As shown in FIG. 9B, the set of features corresponding to each parameter satisfying the condition A is inverted with respect to the bias b. The third thick frame from the top shown in FIG. 9 (b) represents a set in which the set of features represented by the thick frame in the set I_0 shown in FIG. 9 (a) is inverted. The fourth rectangle from the top shown in FIG. 9B represents an inverted set of feature quantities corresponding to the parameters belonging to the lower set I_low shown in FIG. 9A.

The sort unit 250 has a function of sorting each feature amount including the converted feature amount output by the feature amount conversion unit 240 in ascending order of the converted feature amount or in descending order of the converted feature amount. That is, the function of the sort unit 250 is the same as the function of the sort unit 130 of the first embodiment.

The selection unit 260 has a function of selecting parameters corresponding to a predetermined number of features from the first element of the sorted array of converted features. That is, the function of the selection unit 260 is the same as the function of the selection unit 140 of the first embodiment.

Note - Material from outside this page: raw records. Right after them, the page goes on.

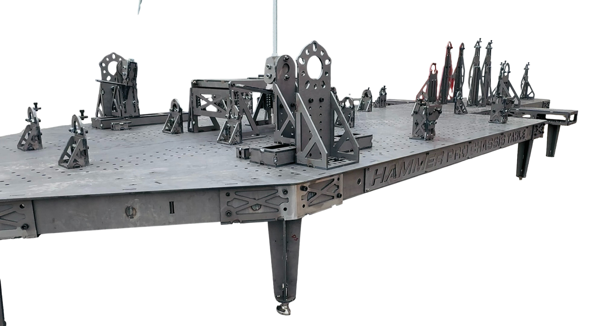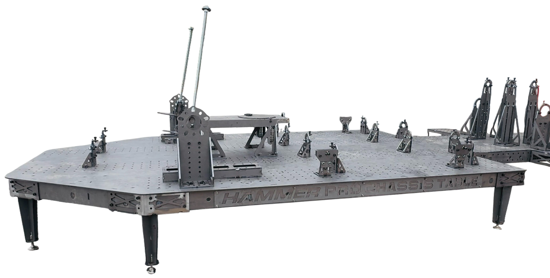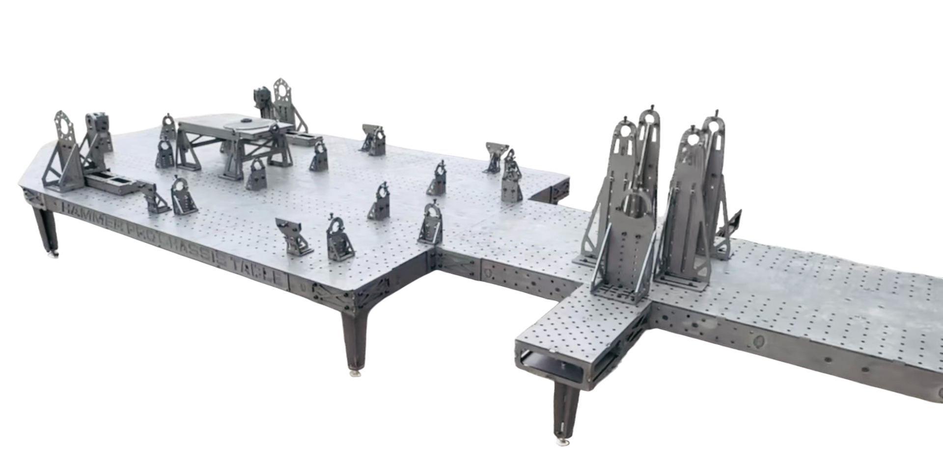Our new Hammer PRO Chassis Table is the evolution of everything we’ve learned from our proven beam-style version chassis table package. Designed to give chassis builders total control, unmatched capability, and seamless adjustability, this table becomes the central foundation of any serious race car build. From chassis setup to critical geometry alignment, to complete front and rear integration, every component has been purposefully designed to streamline workflow and elevate build quality.
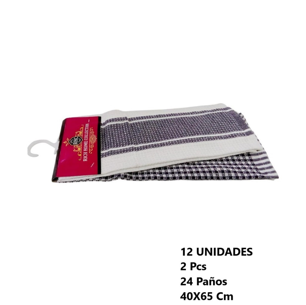 Paño De Cocina Lineas 2 Pcs 40X65 Cm x 12 Und
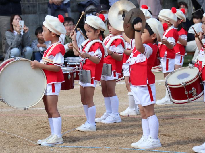 小太鼓や大太鼓をもって
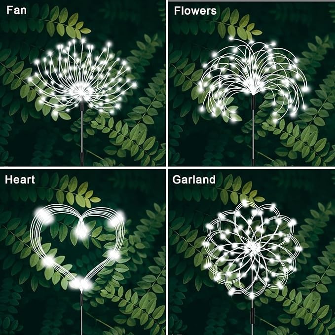 • ✬ 8 Lighting Model-- Decorative firework light can be adjusted in 3 brightness and 8 modes, you can use the remote control to choose your favorite light mode. There is an automatic light sensing function in the garden light, which automatically charges in the sun during the day and automatically lights up and flashes at night.
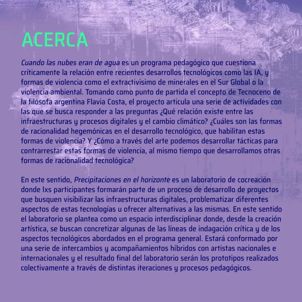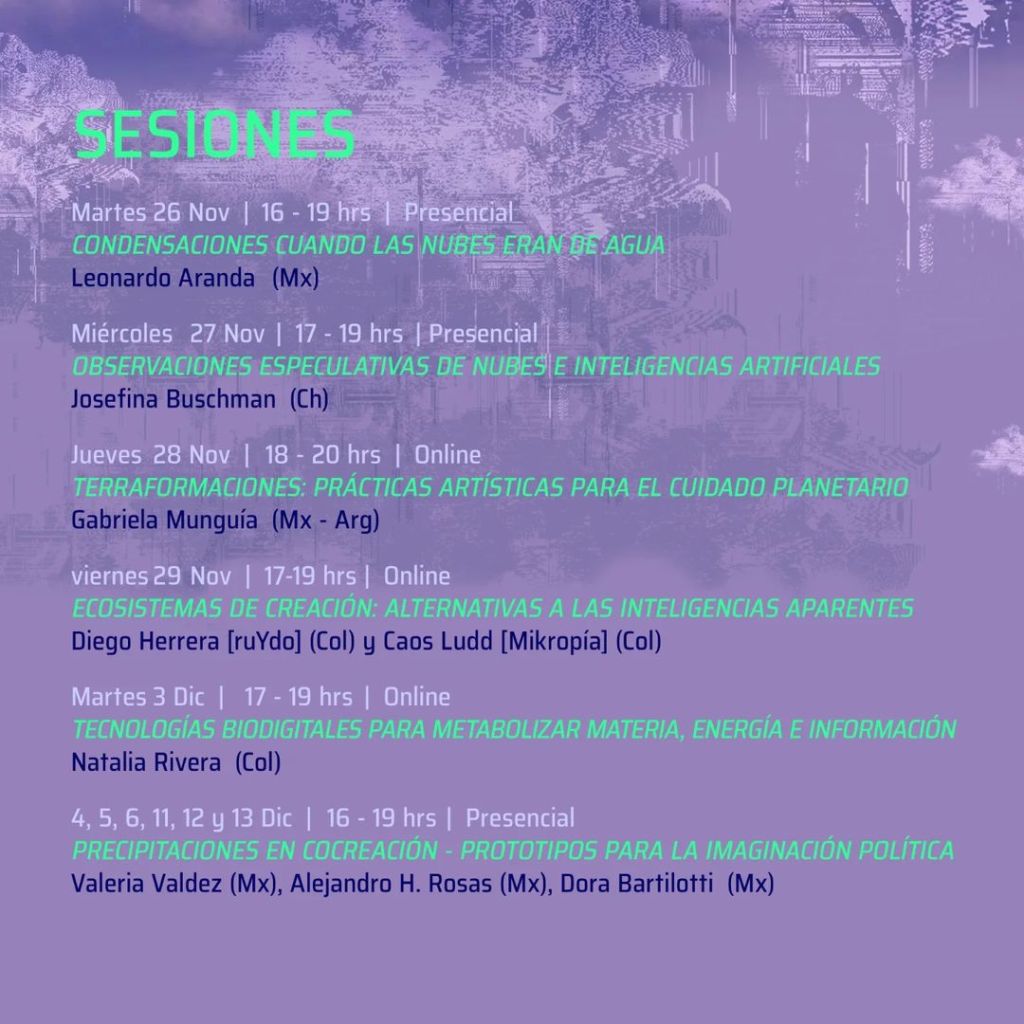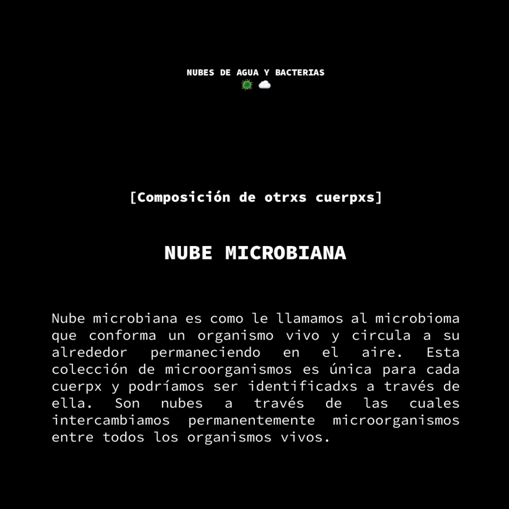 Además de agua, hielo y microplásticos, las nubes están hechas de bacterias. Ese entramado de vida, superorganismo de microorganismos intra-conectados, esa red simbiótica biodigital, que es la biósfera, las incluye. Al interior de ella, la capacidad de transmitir información de forma horizontal que tienen las bacterias les permite formar una red de redes, una internet, mucho mejor, distribuida. Biología y computación se encuentran en la metáfora, pero también en la creación bioinspirada, explorando las posibilidades de que nuestras tecnologías digitales actúen más como vivas, es decir que sean evolutivas, adaptativas y se alejen del control. Un encuentro aún más fuerte, en el campo de la Fabulación Especulativa, un puente entre lo vivo orgánico y lo vivo digital a través de la biología sintética permitiría el desarrollo de tecnologías biodigitales para co-crear, co-metabolizar y co-evolucionar con otras formas de vida. Contra el desarrollo tecnológico digital basado en el ecocidio, nuevas/otras relaciones no antropocéntricas con lo vivo y sus tecnologías.

Even if the feature amount represented by the first rectangle from the top and the feature amount represented by the fourth rectangle from the top in the ellipse shown in FIG. 9B are confirmed in parallel from the smallest, the selection unit 260 still displays. It is unlikely that the same features will be confirmed. The reason is that the order of each feature amount is uniquely determined by the sort unit 250. Therefore, the selection unit 260 can execute the selection process of the work set in parallel.

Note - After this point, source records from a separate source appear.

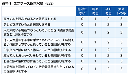 日中の眠気の程度は、エプワース眠気尺度(ESS)(資料1)で自己評価できます。点数が11点以上の場合、病的な眠気がある可能性が考えられます。ただし、多忙や慢性的な睡眠不足により、眠気を自覚しないケースもあるため注意が必要です。
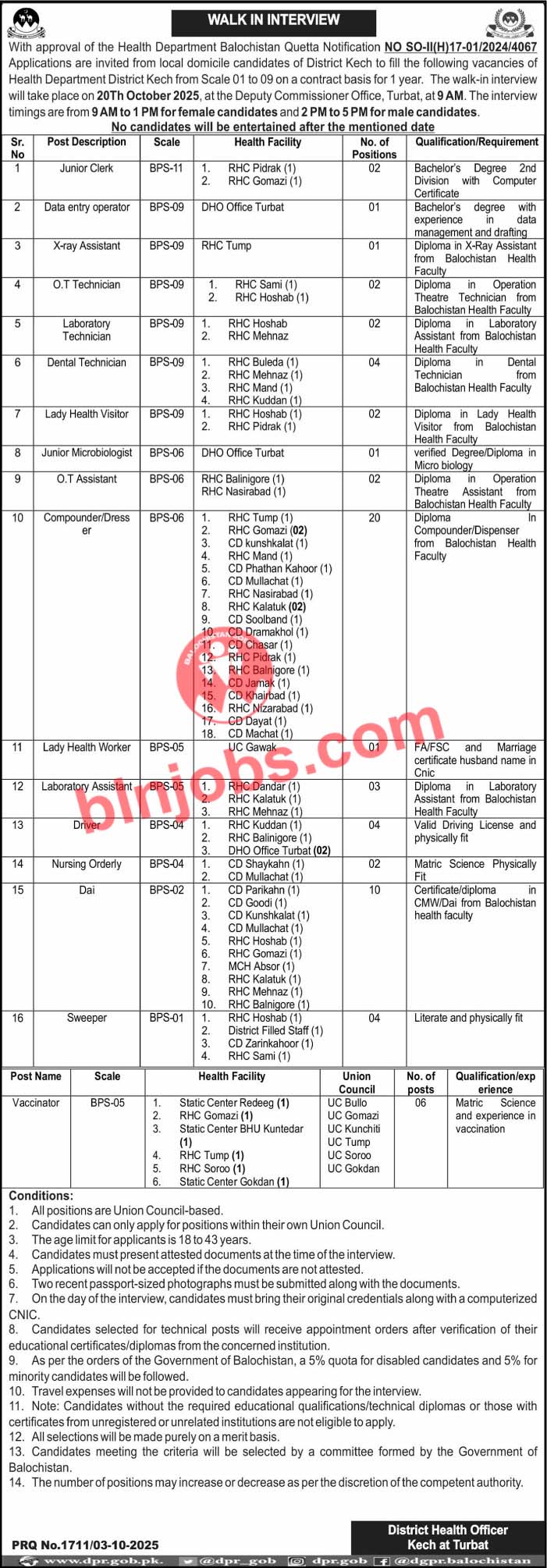 Latest Jobs in Health Department Kech 2025| IMPORTANT LINKS
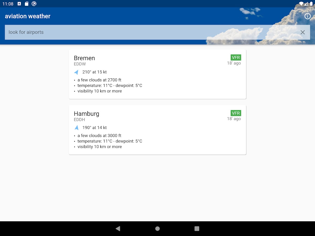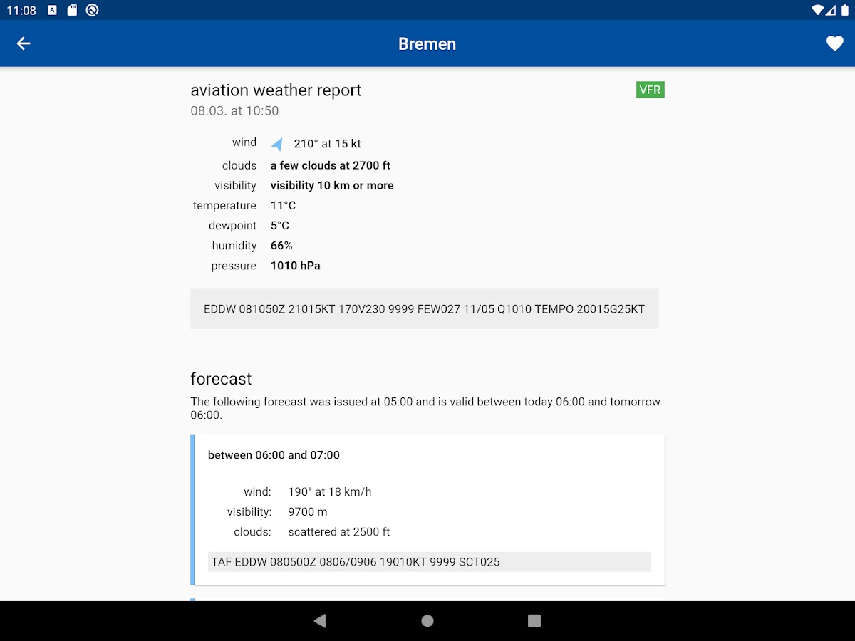 Приложение авиационной погоды позволяет быстро и надежно вызывать местные и глобальные авиационные метеорологические сводки. Сообщения METAR и TAF отображаются в декодированной форме. Отдельные станции можно сохранять в списке избранных. Все блоки настраиваются в настройках и могут быть адаптированы к вашим потребностям.

[Explanation of operation]
Hereinafter, the operation of selecting the work set of the work set selection device 200 of the present embodiment will be described with reference to FIG. FIG. 10 is a flowchart showing the operation of the work set selection process by the work set selection device 200 of the second embodiment.

First, the parameter affiliation determination unit 210 receives the parameter value a [1: N] and the feature amount f [1: N] as inputs. The parameter affiliation determination unit 210 determines whether or not each parameter belongs to the upper set I_up and the lower set I_low, respectively, based on the parameter value a [1: N] and the feature amount f [1: N] ( Step S201).

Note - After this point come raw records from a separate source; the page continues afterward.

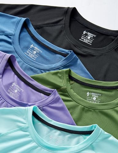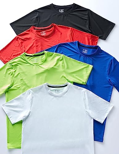 5 Pack Men’s Active Quick Dry Crew Neck T Shirts | Athletic Running Gym Workout Short Sleeve Tee Tops Bulk
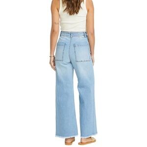 Stylish wide-leg jeans in light denim. Features a frayed hem for a trendy look.
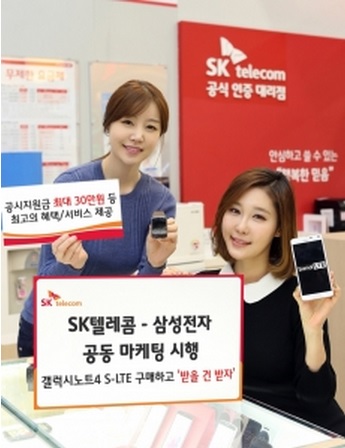 SK텔레콤(사장 장동현)은 삼성전자(대표 권오현·윤부근·신종균)와 함께 ‘갤럭시노트4 S-LTE’ 단말기 구매 고객을 대상으로 공동 마케팅을 실시한다고 25일 밝혔다.
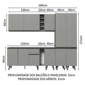 Medidas totais: - 260 cm de largura - 211 cm de altura - 52 cm de profundidade nos balcões e nos paneleiros e 31 cm nos aéreos
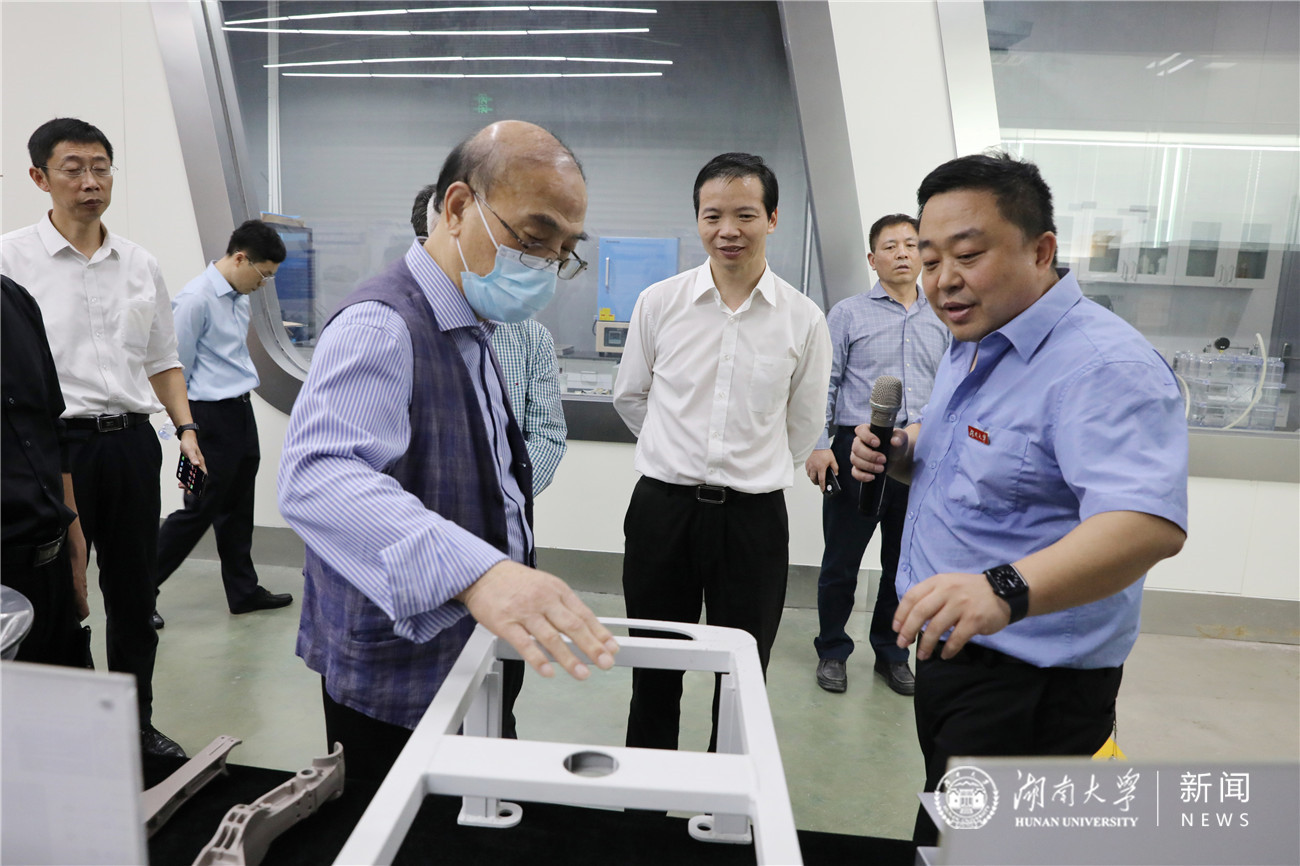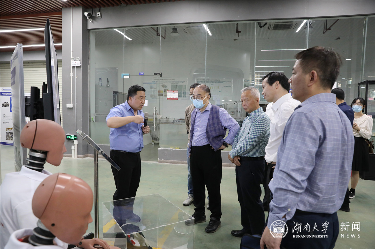 在汽车车身先进设计制造国家重点实验室,刘经南、杨长风院士听取实验室的情况介绍,并了解实验室在智能新能源汽车产业技术等领域的研究进展。

Next, the parameter affiliation determination unit 210 assigns a truth value to each element of the array is_I_up [1: N] based on each determination result. Further, the parameter affiliation determination unit 210 assigns a truth value to each element of the array is_I_low [1: N] based on each determination result. Next, the parameter affiliation determination unit 210 biases the array is_I_up [1: N] to which N truth values are assigned and the array is_I_low [1: N] to which N truth values are assigned. It is input to 220 and the feature amount conversion determination unit 230.

Next, the bias determination unit 220 receives the array is_I_up [1: N], the array is_I_low [1: N], and the feature amount f [1: N] as inputs from the parameter affiliation determination unit 210. The bias determination unit 220 then determines the bias b of the parameters belonging to the set I_0 based on the array is_I_up [1: N] and the array is_I_low [1: N] (step S202). Next, the bias determination unit 220 inputs the determined bias b to the feature amount conversion determination unit 230 and the feature amount conversion unit 240.

Next, the feature amount conversion determination unit 230 sets the parameter values a [1: N] and the feature amount f [1: N], the array is_I_up [1: N], the array is_I_low [1: N], and the bias b. Is received as an input. The feature amount conversion determination unit 230 determines whether or not to convert each feature amount based on each input value (step S203).

Next, the feature amount conversion determination unit 230 substitutes the truth value into each element of the array bf [1: N] based on each determination result. Next, the feature amount conversion determination unit 230 inputs the array bf [1: N] to which N truth values are assigned to the feature amount conversion unit 240.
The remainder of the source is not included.